Optical stimuli are required to be communicated to the brain from the eye. For this, necessary data is pre-processed by the eye.
Retinal ganglion cells that convey visual data to the brain through the optic nerve respond to light stimuli traveling in one direction. This selectivity is caused by inhibitory interneurons impacting the ganglion cell activity via their synapses.
A team at the Max Planck Institute for Medical Research in Heidelberg has demonstrated that the synapses dispersion between ganglion cells and interneurons conforms to specific rules. Dendrites reaching from the body of the amacrine cell in an opposite direction to the direction chosen by the ganglion cell come in contact with the ganglion cell.
The retinal sensory cells transform light to electrical signals. These signals are then conveyed via interneurons traveling in the opposite direction to the retinal cells, which transmit them to the brain.
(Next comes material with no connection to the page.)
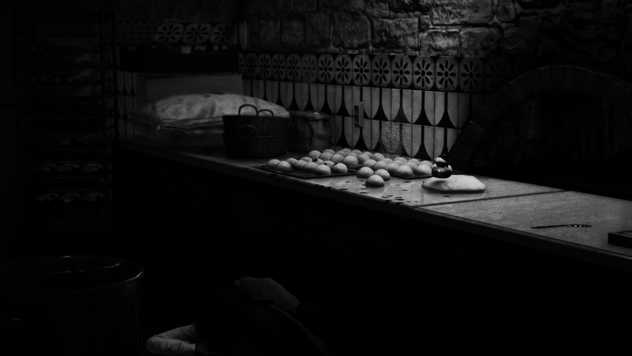 Photo: a man enjoying his midnight shift behind the oven in the café, and his night guardian protecting him.

The interneurons are inter-connected to make single ganglion cells get visual data from a circular region of the visual or the receptive field. Some of the retinal cells work when the centre of the receptive fields comes in contact with light while the rim remains dark (ON cells). Some cells work when light beams across their receptive fields in a certain direction, moving in the opposite direction restrict their working.
The trajectory of the dendrites of the cells was measured along with those of amacrine cells with an electron microscope. This allowed the team to scan the outside of a tissue with the electron beam of a microscope to form an image. A slice measuring less than 25 nanometers is cut off following each scan, with a diamond knife. The 3D method allowed the team to detect the densely crowded branched dendrites of retinal neurons and detect the synapses between them. The automatic imaging captures information with millions of sections.